Items listed in a dataset
⁂
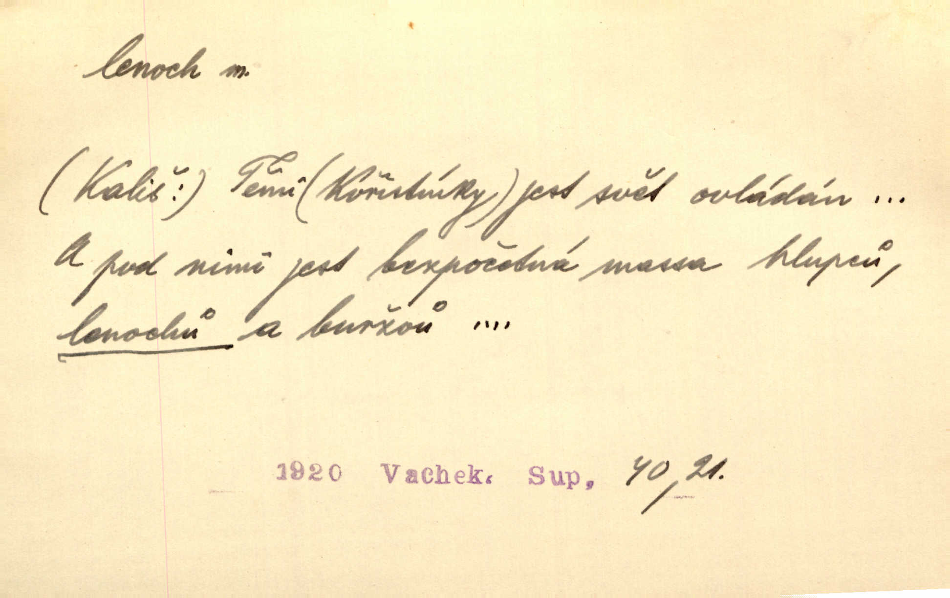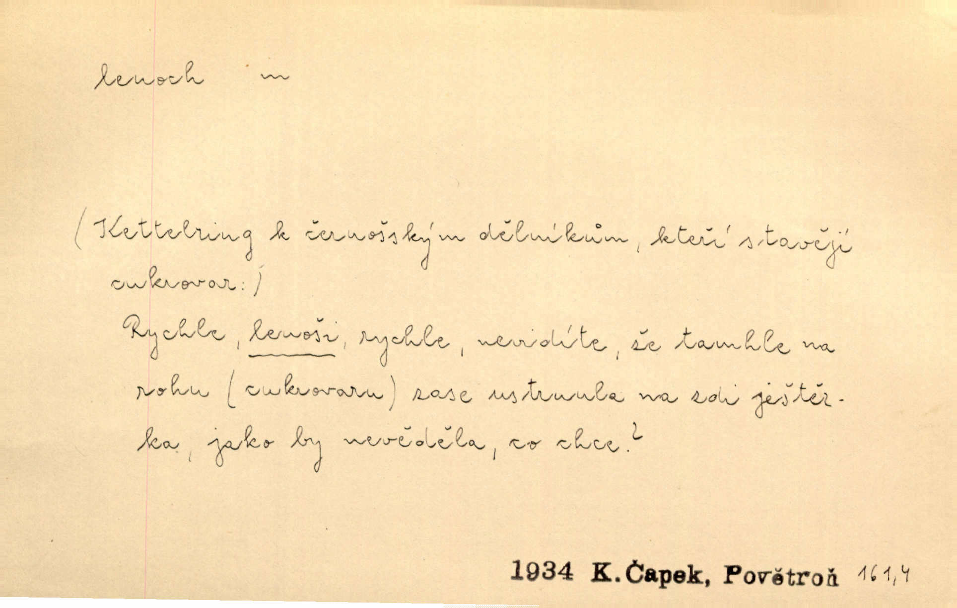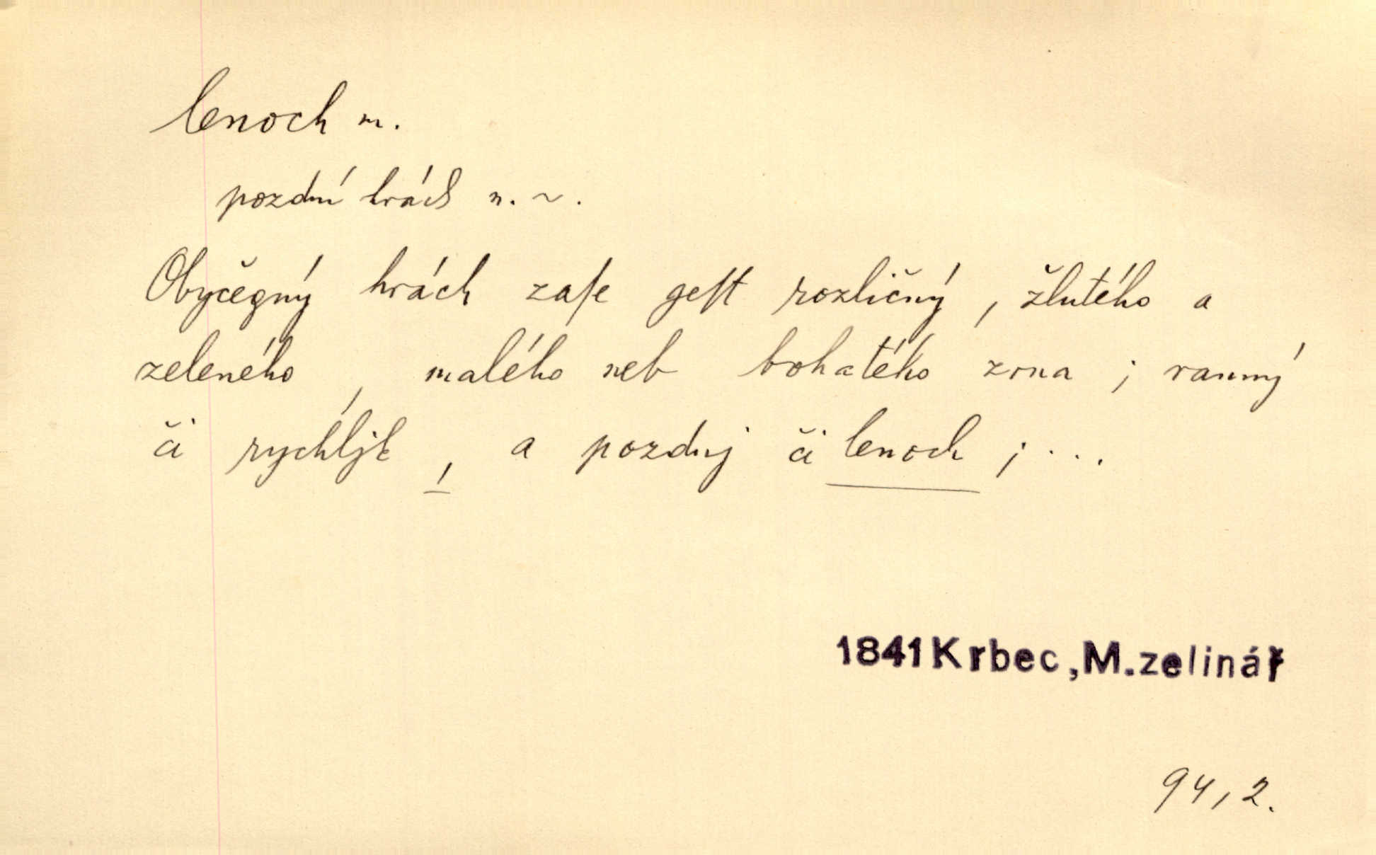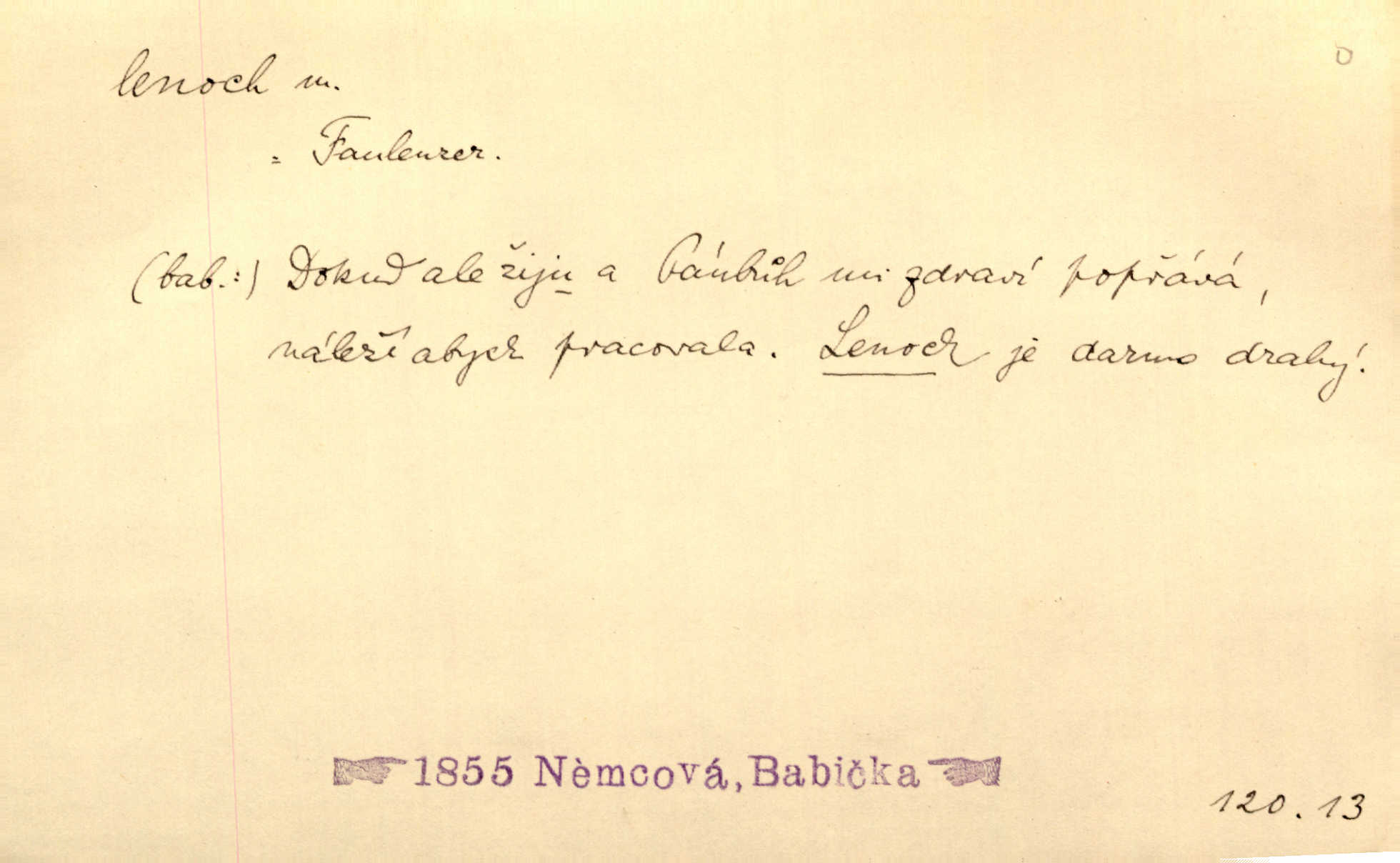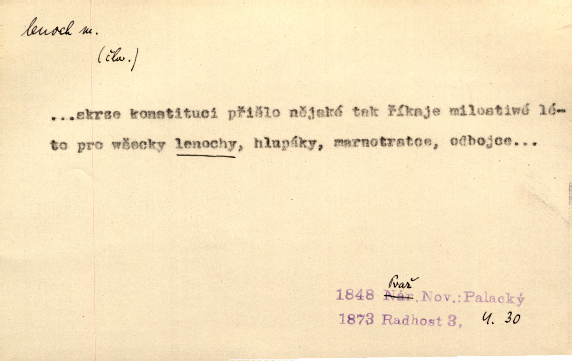 - lenoch, -u m. opěradlo sedadla. Farář bubnoval prsty do lenochu židle. Vach. D linkovaná papírová podložka. Průsvitnou koží byla mu znát žebra jako lenoch papírem. Čap. Ch.
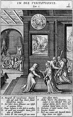 Their association with the Jesuits began with the illustrations for the Adnotationes et Meditationes in Evangelia, a project initiated by the order's founder, St. Ignatius Loyola before his death in 1556. He had asked the literary Jesuit Jerome Nadal to prepare the text, and 154 drawings had been produced by various artists, mostly Italian. Plantin had agreed to publish the work, but with the disruption of the Spanish Fury of 1576, had not done so by his death. After attempting to find engravers elsewhere, the Jesuits, in the person of Fr Ferdinand Ximenez (recipient of the famous character reference for the brothers mentioned above), took the brothers on.[10] The prints were finally published in a separate volume from the text in 1593, the Evangelicae Historiae Imagines ("Pictures of the Gospel Stories") and were still being reprinted in the 18th century. They were intended as models of faithful depictions of the incidents of the Gospels, and partly as a Counter Reformation riposte to Protestant criticisms of Catholic iconographical tradition. The apparent setting of most interior scenes in a wealthy Antwerp merchant's house does not contribute to the desired effect in modern eyes. Among copies was a version made by Jesuit missionaries in China in woodblock print form,[11] and editions presented to the Emperors of Ethiopia had a considerable influence on the iconography of local artists.[12] Further work for the Jesuits followed.[13] Hieronymus in particular came to specialize in small religious scenes.
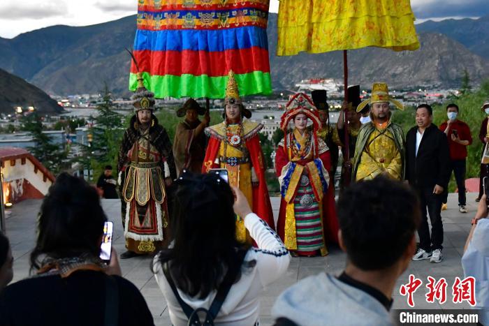 圖為《文成公主》大型實(shí)景劇演員在文成公主藏文化風(fēng)情園巡游,與游客互動(dòng)。李林 攝
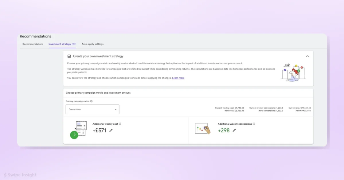 Паралельно Google запустила вкладку Investment Strategy у розділі Recommendations. Вона показує, як збільшення бюджету вплине на показники кампаній — кліки, конверсії та їхню вартість.
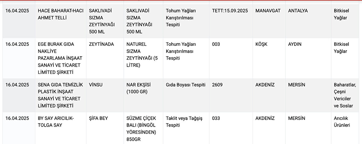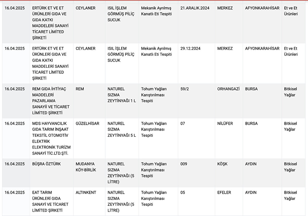 Son yayımlanan listede, et ürünlerinden zeytinyağına, baldan lahmacun ve kebaba kadar pek çok üründe taklit ve tağşiş uygulamaları tespit edildi. Bu ürünlerin tüketici sağlığı açısından ciddi risk taşıdığı belirtildi.
⁂
Output exactly and only the lines from the line containing "圖為《文成公主》大型實(sh" to the end of the entries, both included, and omit every picture.

* Exercise output
 圖為《文成公主》大型實(shí)景劇演員在文成公主藏文化風(fēng)情園巡游,與游客互動(dòng)。李林 攝
 Паралельно Google запустила вкладку Investment Strategy у розділі Recommendations. Вона показує, як збільшення бюджету вплине на показники кампаній — кліки, конверсії та їхню вартість.
 Son yayımlanan listede, et ürünlerinden zeytinyağına, baldan lahmacun ve kebaba kadar pek çok üründe taklit ve tağşiş uygulamaları tespit edildi. Bu ürünlerin tüketici sağlığı açısından ciddi risk taşıdığı belirtildi.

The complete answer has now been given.